Cadence is just a tool/technique/skill, one of many things that you use to try to optimize your cycling. A faster cadence magnifies your pedaling flaws. If you bounce at 90 rpm then you're not pedaling very efficiently and you're not getting as much out of your fitness as you can. Cycling is a form-oriented sport. Bad form is very hard to correct because it's hard to focus on something so fast and repetitious as pedaling. The better your form the broader your potential. Poor form is an immediate limiter in potential. It doesn't mean you'll be bad, it just means you won't be as good.
To work on improving cadence you can spin well above your goal cadence. Just like intervals improve speed you can do "cadence intervals". Try to sustain a much higher cadence, smoothly and fluidly. When I started racing I tried to finish an hour with a 120 rpm average. This meant spending most of my time at 125+ rpm. After that 90 rpm felt slow.
You can also use a trick where you overgear first then shift down. Push a bit at a lower cadence (relatively speaking), so use a bigger gear at, say, 80 rpm. Then shift into a lower gear. It'll feel a bit easy. Don't look at your computer, just maintain perceived speed. You'll fine that your cadence is higher than you expect.

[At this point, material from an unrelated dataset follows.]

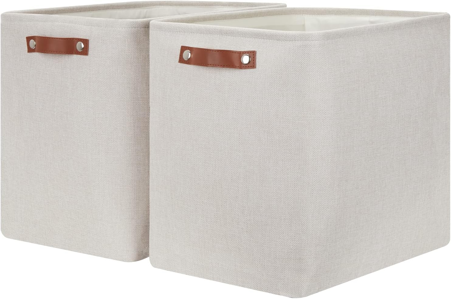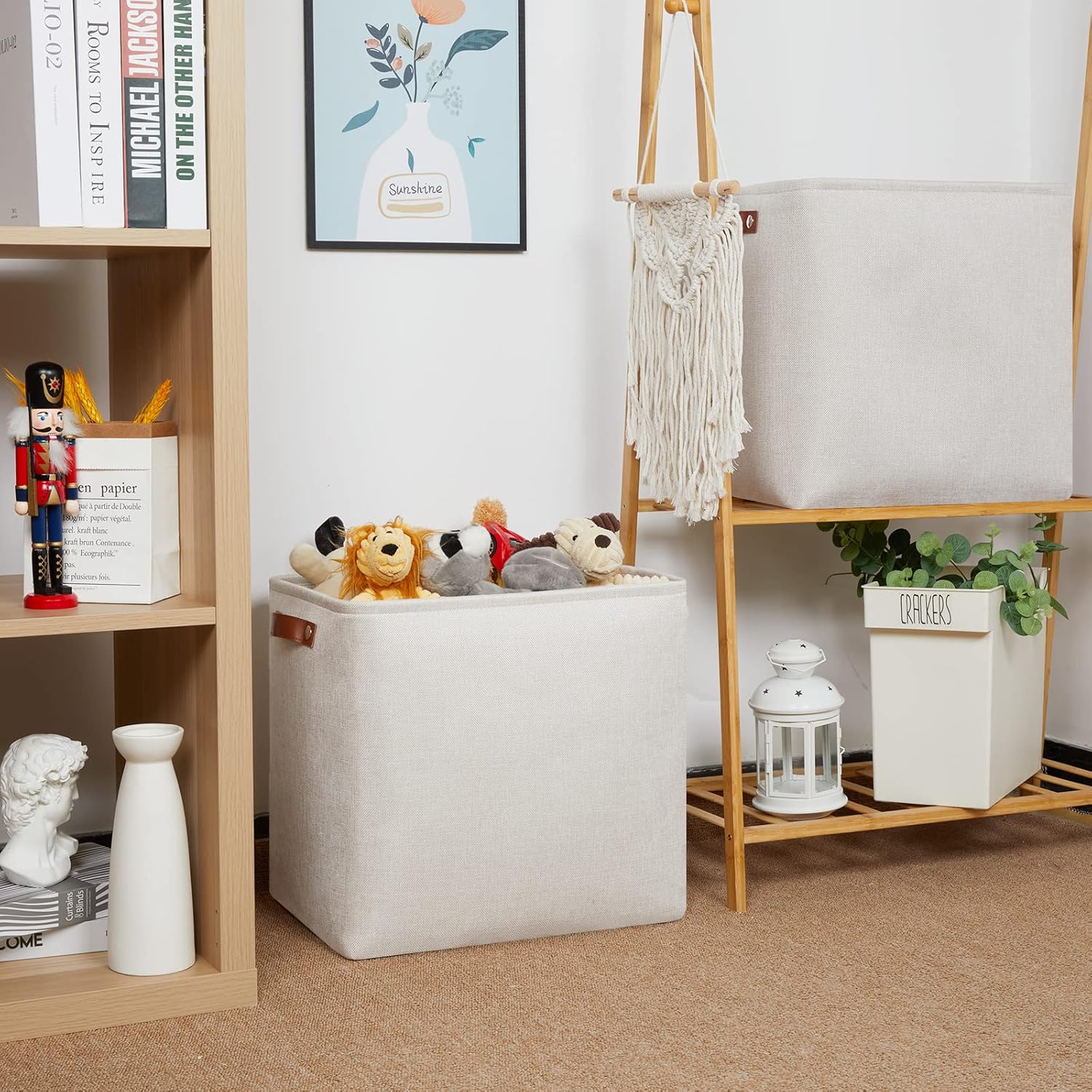 HNZIGE Collapsible Canvas Linen Storage Basket, Set of 2, Large Fabric Cloth Baskets, Rectangular Shelf Baskets with Leather Handles, Organizing Storage Baskets for Storage Closet, Home, Office(Gream)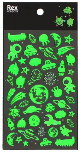 Diese Kollektion von 3D-Epoxid-Stickern mit coolem, im Dunkeln leuchtendem Weltraummotiv zeigt Astronauten, außerirdische Wesen, Raumschiffe, Planeten, Monde und Sterne auf einem einzigen Bogen. Die kleinen, glatten und angenehm anzufassenden Sticker eignen sich perfekt, um Grußkarten, Geschenkverpackungen, Bastelprojekte, Scrapbooks und vieles mehr farbenfroh und verspielt zu gestalten.

Ultimately cadence itself doesn't improve your cycling. It's just one part of your whole cycling repertoire. However a fluid and efficient pedal stroke will improve your cycling, allowing you to increase your speed and efficiency dramatically (I'll say that for an average rider in their 20s to 40s I've seen about an 8-10 mph increase in maximum speed after doing speed work, and we're talking normal riders). So will putting less load on your muscles during a ride - spinning faster puts the load on your aerobic system, allowing you to respond quickly to pace changes and such. You want your legs to be "cadence-elastic", able to pedal from 50 rpm to 130 rpm under load, up to 200+ rpm with little/no load.